- [Work instruction]:
Copy only what lies from the line containing "Deze serie van" through the line containing "LA BELLA รองเท้าส้นสูงหนังแกะ" in the entries below, keeping both end lines exact and dropping every picture.

- [Data excerpts]:
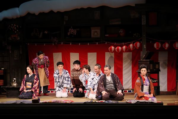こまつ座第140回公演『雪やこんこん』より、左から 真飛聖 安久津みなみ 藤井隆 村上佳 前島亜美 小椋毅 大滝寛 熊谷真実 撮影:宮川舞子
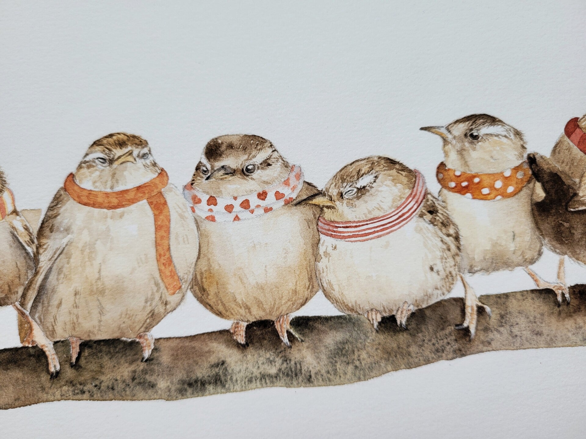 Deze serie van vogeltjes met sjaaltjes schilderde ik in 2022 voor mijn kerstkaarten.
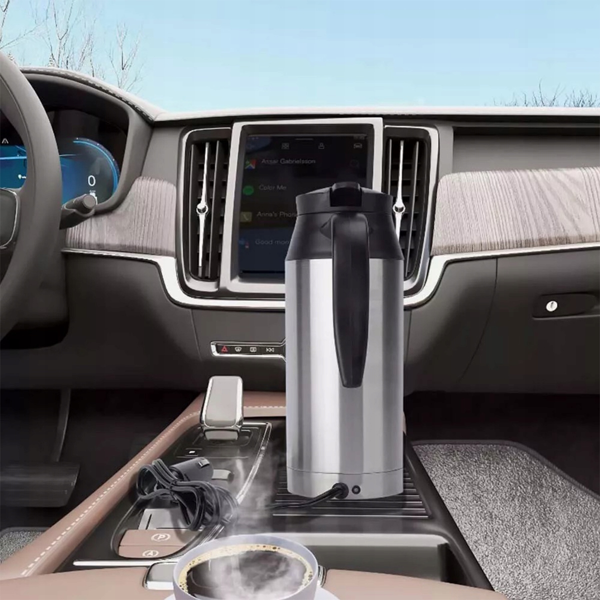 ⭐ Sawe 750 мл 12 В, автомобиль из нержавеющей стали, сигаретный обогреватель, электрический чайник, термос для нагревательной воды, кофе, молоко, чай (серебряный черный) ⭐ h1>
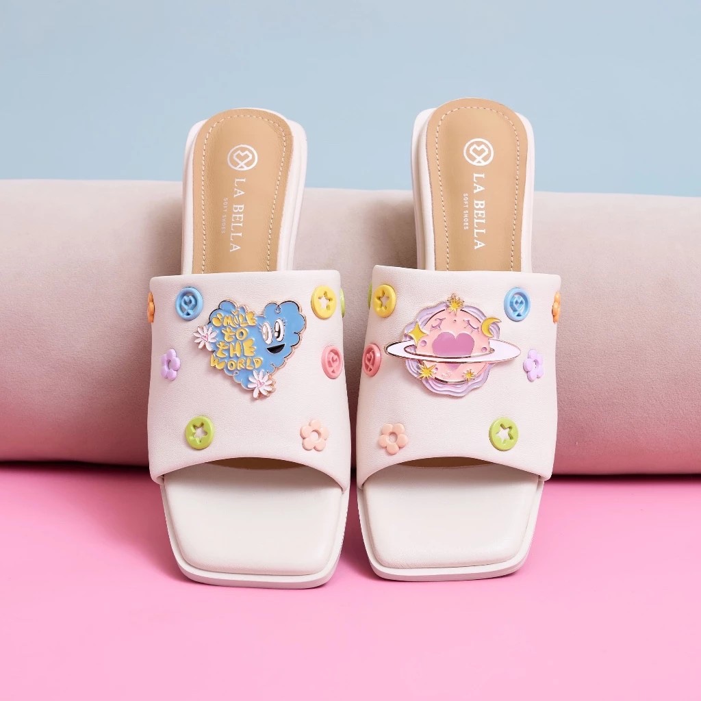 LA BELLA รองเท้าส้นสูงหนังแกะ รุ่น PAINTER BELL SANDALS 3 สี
==
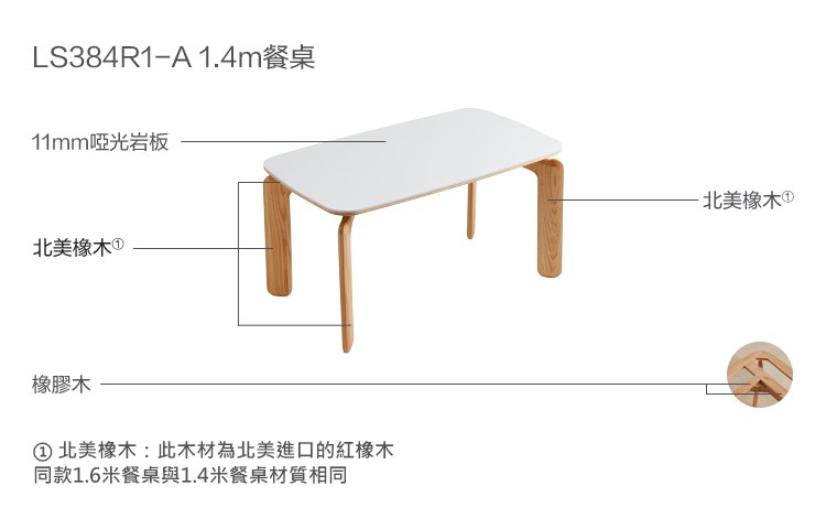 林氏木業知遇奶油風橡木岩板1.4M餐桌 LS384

- [Answer to this problem]:
 Deze serie van vogeltjes met sjaaltjes schilderde ik in 2022 voor mijn kerstkaarten.
 ⭐ Sawe 750 мл 12 В, автомобиль из нержавеющей стали, сигаретный обогреватель, электрический чайник, термос для нагревательной воды, кофе, молоко, чай (серебряный черный) ⭐ h1>
 LA BELLA รองเท้าส้นสูงหนังแกะ รุ่น PAINTER BELL SANDALS 3 สี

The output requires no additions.